Besides I also changed the getResetSource() function as follows because it always ended up into External reset:

resetSource_t getResetSource(void)
{
    register resetSource_t rst_source;

    if ((SYS_EXCEPTION & (uint32)POWERON_RESET) != 0U)
    {
        /* power-on reset condition */
        rst_source = POWERON_RESET;

        /* Clear all exception status Flag and proceed since it's power up */
        SYS_EXCEPTION = 0x0000FFFFU;
    }
   // else if ((SYS_EXCEPTION & (uint32)EXT_RESET) != 0U)
 //   {
        /* Reset caused due to External reset. */
   //     rst_source = EXT_RESET;
   //     SYS_EXCEPTION = (uint32)EXT_RESET;
   // }
    else if ((SYS_EXCEPTION & (uint32)DEBUG_RESET) !=0U)
    {
        /* Reset caused due Debug reset request */
        rst_source = DEBUG_RESET;
        SYS_EXCEPTION = (uint32)DEBUG_RESET;
    }
    else if ((SYS_EXCEPTION & (uint32)OSC_FAILURE_RESET) != 0U)
    {
     /* Reset caused due to oscillator failure.
        Add user code here to handle oscillator failure */
        rst_source = OSC_FAILURE_RESET;
        SYS_EXCEPTION = (uint32)OSC_FAILURE_RESET;
    }
    else if ((SYS_EXCEPTION & (uint32)WATCHDOG_RESET) !=0U)
    {
        /* Reset caused due watchdog violation */
        rst_source = WATCHDOG_RESET;
        SYS_EXCEPTION = (uint32)WATCHDOG_RESET;
    }
    else if ((SYS_EXCEPTION & (uint32)WATCHDOG2_RESET) !=0U)
    {
        /* Reset caused due watchdog violation */
        rst_source = WATCHDOG2_RESET;
        SYS_EXCEPTION = (uint32)WATCHDOG2_RESET;
    }
    else if ((SYS_EXCEPTION & (uint32)CPU0_RESET) !=0U)
    {
        /* Reset caused due to CPU0 reset.
        CPU reset can be caused by CPU self-test completion, or
        by toggling the "CPU RESET" bit of the CPU Reset Control Register. */
        rst_source = CPU0_RESET;
        SYS_EXCEPTION = (uint32)CPU0_RESET;
    }
    else if ((SYS_EXCEPTION & (uint32)SW_RESET) != 0U)
    {
        /* Reset caused due to software reset. */
        rst_source = SW_RESET;
        SYS_EXCEPTION = (uint32)SW_RESET;
    }
    else
    {
        /* No_reset occured. */
        rst_source = NO_RESET;
    }

    return rst_source;
}

Thank you for your attention.

Hello Valentina,

I apologize for the delay in getting back to you as I had been pulled away for a bit.

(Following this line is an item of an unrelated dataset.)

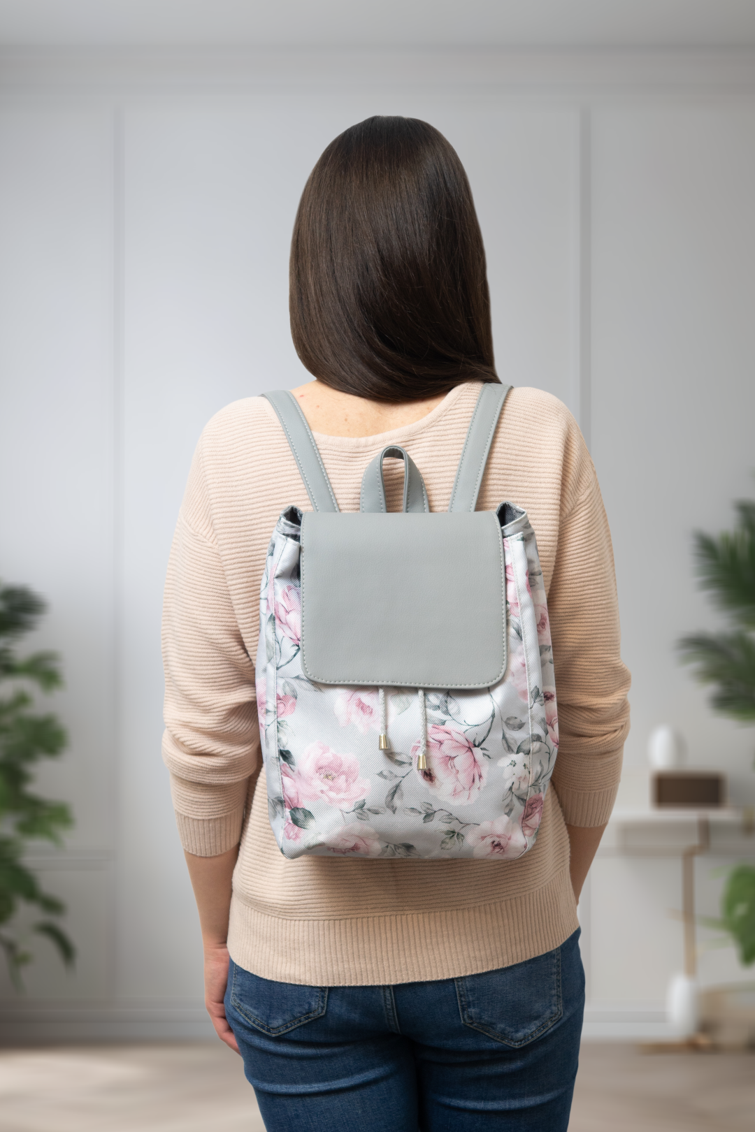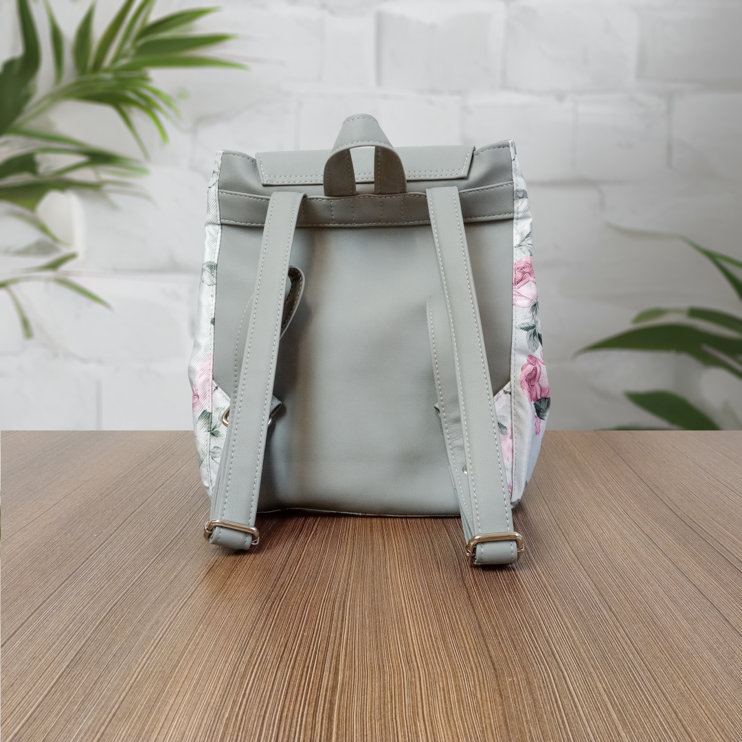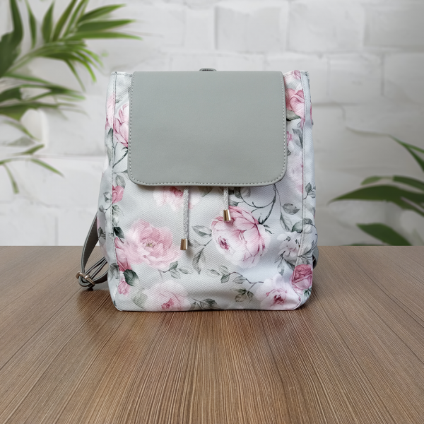 Duży szary plecak w różowe kwiaty, z klapką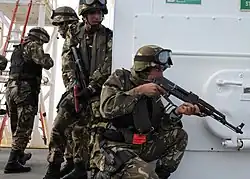 In addition, the RASM took over the combat divers of the former special intervention group (GIS) shortly after the latter was disbanded in 2015.[2]

I will review your code and get back to you on Monday with any findings or additional questions/suggestions.

Hello Valentina,

MY apologies for the delay in getting back to you, but I think the issue here is multiple bits in the SYSESR register being set. Note that teh EXT_RST is asserted for most resets see the description below from the TRM:

This combined with the structure of the code in the getResetSource() function, will result in the first exception bit tested during the if-else if structure of code. Because of this and the special case/use of SW reset, you may need to make adjustments in the getResetSource() function by putting the test for EXT_RST to the last test in the series of if- if else statements. 

Note, my original thought was to remove the else if statements and make them all simple if statement blocks but this would result in a return value with the potential for multiple reset bits being set and cause the switch-case architecture to break. My suggestion is to re-arrange the test of bits in the getResetSource() function to suit your needs and required priority for your project.